What is needed is an exact repetition of the lines below, from the first one through the one holding "LEGENDS STAGE AT", with no pictures and nothing else.

─── Material to process ───

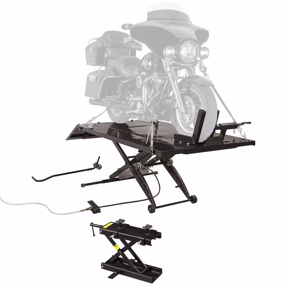 Black Widow Motorcycle Lift Table with Cruiser V-Twin Center Jack
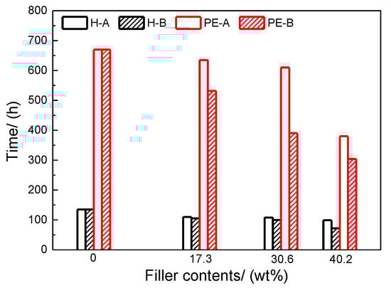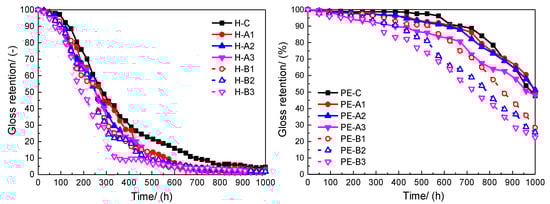 Besides, it is observed that with the use of Al(OH)3, the PE-based films exhibit much higher gloss retentions than those with BaSO4, as shown in Figure 13. Compared with Al(OH)3, the gloss retentions of most samples incorporated with BaSO4 deteriorate significantly with the increase of filler contents. Samples PE-A1 and PE-B1 keep 90% of the initial gloss for about 630 h and 530 h against UV exposure. Sample PE-A2 keeps 90% of initial gloss for more than 600 h, which is 1.5 times of that of PE-B2. When increasing the fillers’ loading to the maximum, the gloss retention of PE-A3 decreases quickly, which is partially due to the much more significant consumption of resin and curing agents in samples incorporated with Al(OH)3. A similar trend can be observed in samples based on hybrid resin systems.
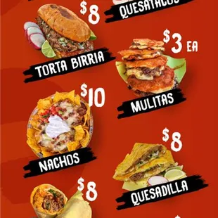 $4.99Flour tortilla stuffed with cheese, birria, onions and cilantro.
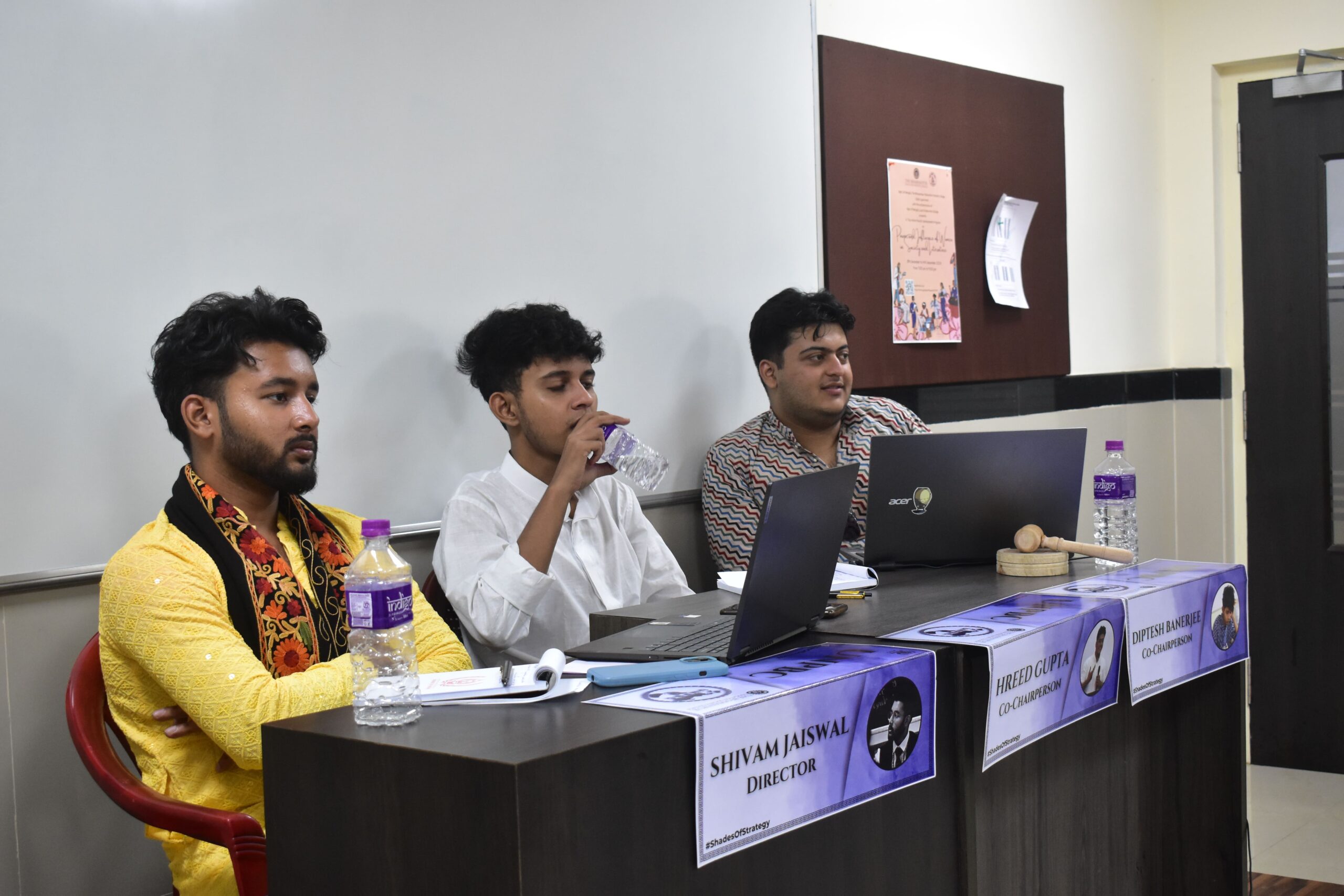 Replicating the Indian parliamentary setup with an impressive degree of realism, the Lok Sabha committee, moderated by Speaker Mr. Shivansh Srivastava, Deputy Speaker Sanyam Jha, and Scribe Chetana Mondal; deliberated on Centre-State dynamics and policy on deep-sea bed mining. The chit-based questioning added a dynamic edge, with delegates responding under strict time limits. Comprehensive policy documents were also submitted. The winning titles were handed to delegates who acted as the following politicians –
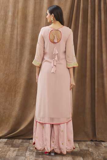 Old rose kurta with floral embroidered motifs and scalloped border. Comes with gharara and dupatta.
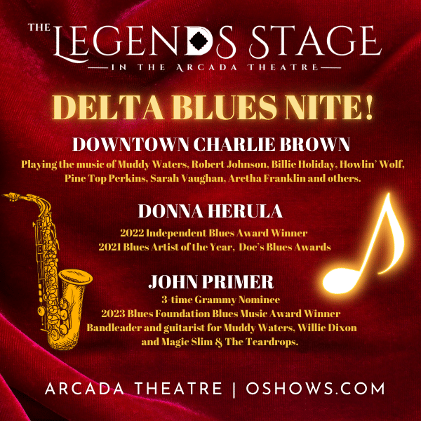 LEGENDS STAGE AT THE ARCADA THEATRE: Delta Blues Nite with Downtown Charlie Brown, Donna Herula, and John Primer
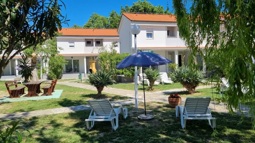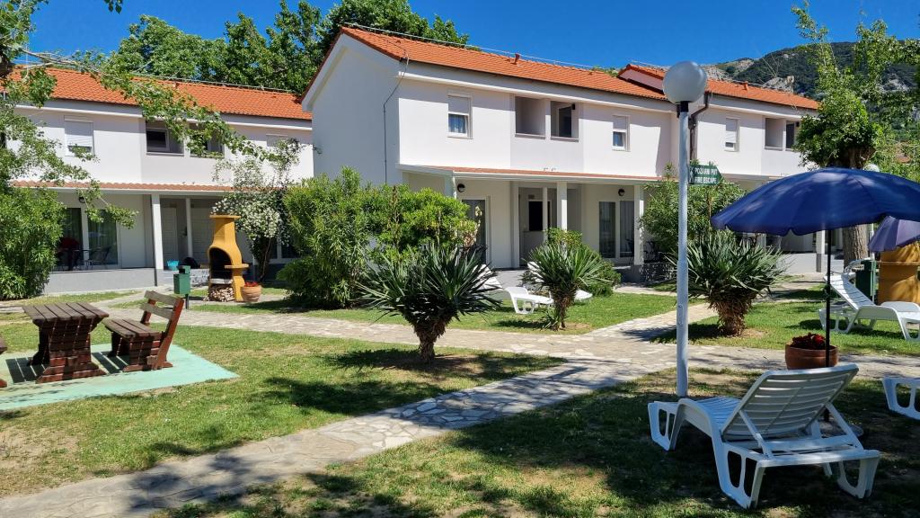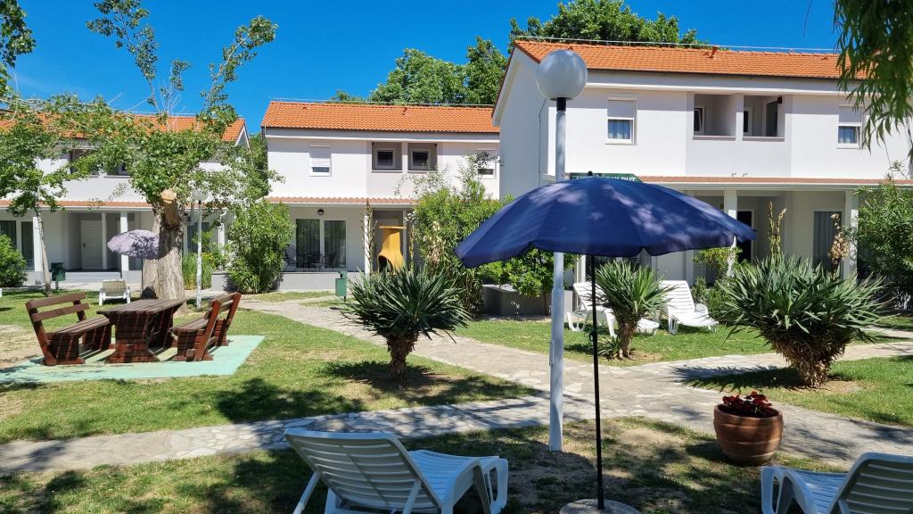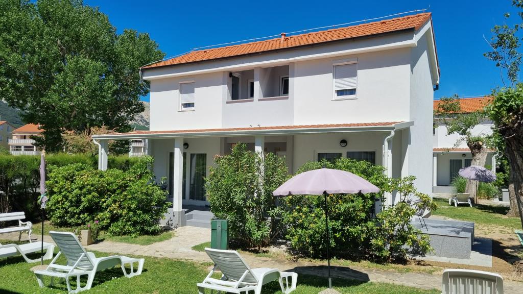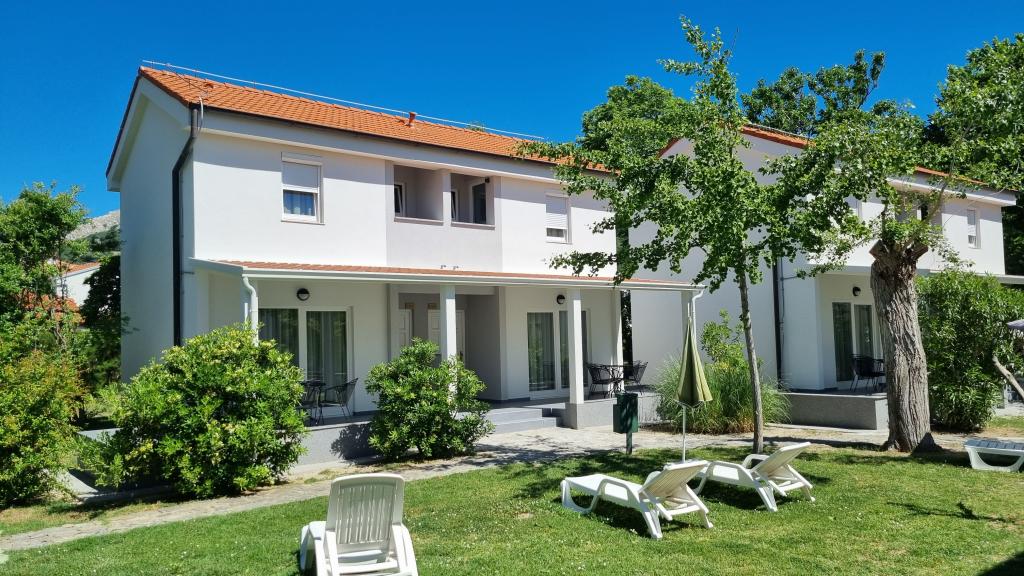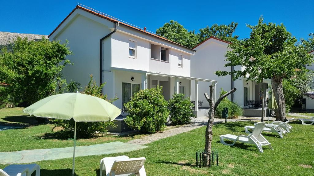 Die Villa Corinthia befindet sich in attraktiver Lage, nur wenige Gehminuten vom bekannten Strand Vela Plaža in Baška entfernt. Der Ferienkomplex Villa Corinthia besteht aus 10 freistehenden Villen mit jeweils zwei praktisch eingerichteten Apartments. Die Apartments erstrecken sich über zwei Etagen. Im Erdgeschoss befinden sich Küche, Wohnzimmer und Terrasse, im Obergeschoss Schlafzimmer, Badezimmer und Balkon. Den Gästen der Villa Corinthia steht ein grüner Außenbereich mit Grillmöglichkeiten und ein Gemeinschaftswaschraum zur Verfügung. Die klimatisierten Apartments sind mit WLAN, Sat-TV und Safe ausgestattet. Haustiere sind gegen Gebühr willkommen. Private Parkplätze stehen gegen Gebühr zur Verfügung.

───

## Answer to the exercise:
 Black Widow Motorcycle Lift Table with Cruiser V-Twin Center Jack
 Besides, it is observed that with the use of Al(OH)3, the PE-based films exhibit much higher gloss retentions than those with BaSO4, as shown in Figure 13. Compared with Al(OH)3, the gloss retentions of most samples incorporated with BaSO4 deteriorate significantly with the increase of filler contents. Samples PE-A1 and PE-B1 keep 90% of the initial gloss for about 630 h and 530 h against UV exposure. Sample PE-A2 keeps 90% of initial gloss for more than 600 h, which is 1.5 times of that of PE-B2. When increasing the fillers’ loading to the maximum, the gloss retention of PE-A3 decreases quickly, which is partially due to the much more significant consumption of resin and curing agents in samples incorporated with Al(OH)3. A similar trend can be observed in samples based on hybrid resin systems.
 $4.99Flour tortilla stuffed with cheese, birria, onions and cilantro.
 Replicating the Indian parliamentary setup with an impressive degree of realism, the Lok Sabha committee, moderated by Speaker Mr. Shivansh Srivastava, Deputy Speaker Sanyam Jha, and Scribe Chetana Mondal; deliberated on Centre-State dynamics and policy on deep-sea bed mining. The chit-based questioning added a dynamic edge, with delegates responding under strict time limits. Comprehensive policy documents were also submitted. The winning titles were handed to delegates who acted as the following politicians –
 Old rose kurta with floral embroidered motifs and scalloped border. Comes with gharara and dupatta.
 LEGENDS STAGE AT THE ARCADA THEATRE: Delta Blues Nite with Downtown Charlie Brown, Donna Herula, and John Primer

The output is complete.